Characteristics of an ASHP space-heating system

The outdoor temperature at which a heat pump’s heating capacity equals the building heating load is called the heating balance point (t_bal,H). It is the lowest temperature at which the heat pump alone can accommodate the heating load [23]. When outdoor temperature is below the balance point, supplemental heat (usually electric resistance) must be added to make up the difference, as shown by the shaded area.

In terms of an ASHP space-heating project, the building heating load is calculated using standard practices in selecting the proper size of the ASHP. The heating balance point may be lowered by improving the structure’s thermal performance or by choosing a heat pump larger than the heating load requires, as shown in Fig. 12.

If the heating balance point is selected too low, for example, as low as the local extreme minimum temperature, no supplemental heat is needed to satisfy the heating demand even on the extremely cold days. In this case, however, there will be more redundant heat when the outdoor air temperature is above the heating balance point temperature and the costs of the units will be much higher. Moreover, excessive oversizing of the capacity causes excessive cycling, probably resulting in uncomfortable temperature feelings.

On the contrary, if the heating balance point is excessively high, the size of the units will be small, and more supplemental heat (usually electric resistance) will be needed during colder days, leading to higher operation costs or lower energy utilization rates.

Hence, it is necessary to choose a reasonable heating balance point temperature to ensure that the capacity of the selected unit is not too large and meanwhile, in most of the time, that the heating system operates at a higher efficiency. This will save not only the initial investment but also the operating costs.

The Optimal Heating Balance Point

There exist different two temperatures to determine the optimal heating balance point: the heating optimal energy balance temperature and the heating optimal economic balance temperature. The corresponding two optimal heating balance points are described below.

Heating Optimal Energy Balance Point (OENT)

OENT refers to the heating balance temperature at which the heating season performance factor (HSPF, defined by Eq. 4) of the selected ASHP unit is maximum. For a certain area where the building is located, the HSPF is only a function of OENT when the characteristics of the building envelope and the unit are specified, and the indoor design temperature is given according to the design code. OENT will be obtained when HSPF is maximized [24].

Heating Optimal Economic Balance Point (OECT)

OECT is the heating balance temperature at which the ASHP heating system is designed and meets the minimum cost requirements of the investment and the operation. The annual costs are usually used to evaluate the economy of an ASHP heating system, which is calculated under the following equation [25]:

$$ {A}_a={C}_t\frac{i\left(1+{i}^n\right)}{\left(1+{i}^n\right)-1}+{C}_r $$

(7)

where C_t represents the total initial investment cost; C_r refers to annual operating costs, including costs of the energy, maintenance, administration, etc.; i is basic discount rate (BDR); and n is the service life period and can be set as 15 years.
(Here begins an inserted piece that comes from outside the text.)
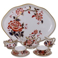 Crown Staffordshire 10pc Mini Doll Imari Coral Bone China Tea Set 1900's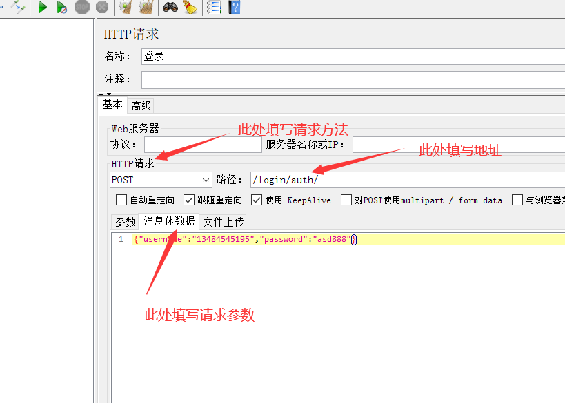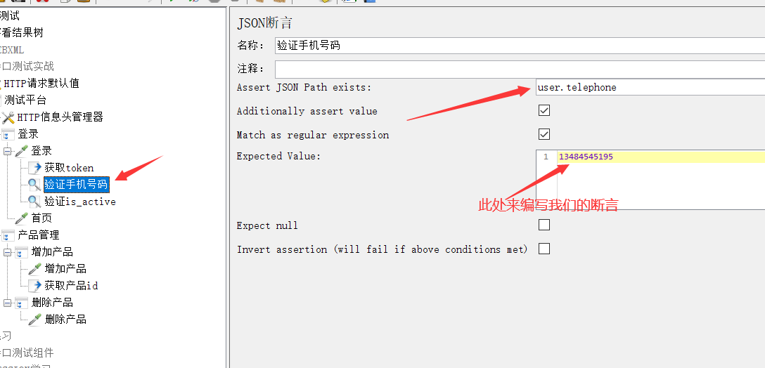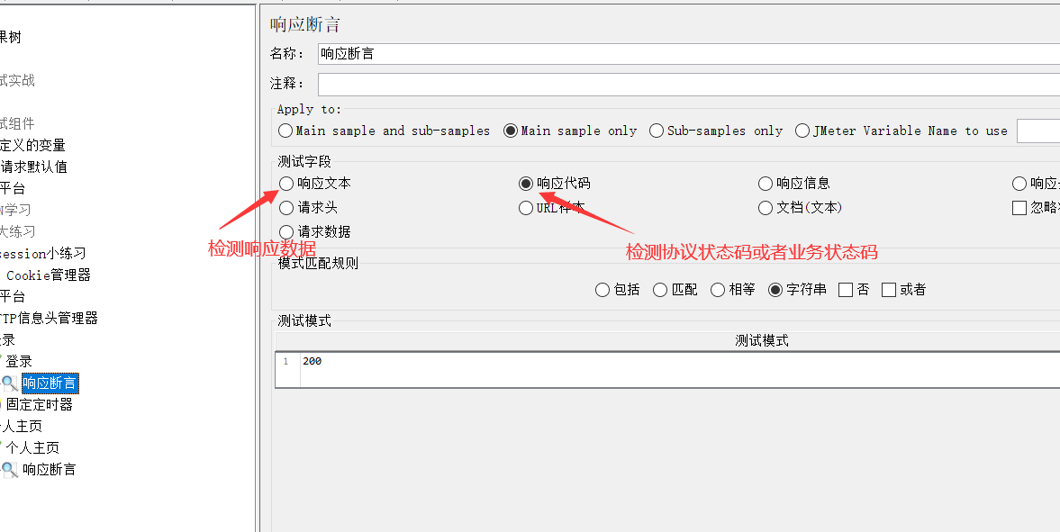 种是json断言,一种是响应断言,json断言用来验证登录的信息,响应断言用来验证响应数据,如:业务状态码、协议状态码、

A_a is only a function of OECT when BDR, the service life period, the price of the unit, and the energy are specified. OECT will be obtained when A_a is minimized.

Due to the influence of the energy pricing policies, the obtained ONET and ONCT are always not consistent. Generally, people pay more attention to the economy of an ASHP system than the energy saving, leading to a more common use of OECT.

Auxiliary Heat Source

Since the heating balance point temperature is always higher than the local extreme minimum temperature, auxiliary heat sources are always needed to meet the heating demands during colder days when the ASHP units alone cannot handle the heating load.

Electric resistance is usually chosen as the auxiliary heat source, for its low initial investment costs, highly flexible modulation capacities, stable and reliable operations, low failure rates, small sizes, and easy installment. In terms of an air-to-air type ASHP unit, the electric resistance is usually installed at the indoor supply side; while with regard to an air-to-water type ASHP unit, the electric resistance is usually installed at the outlet side of the hot water.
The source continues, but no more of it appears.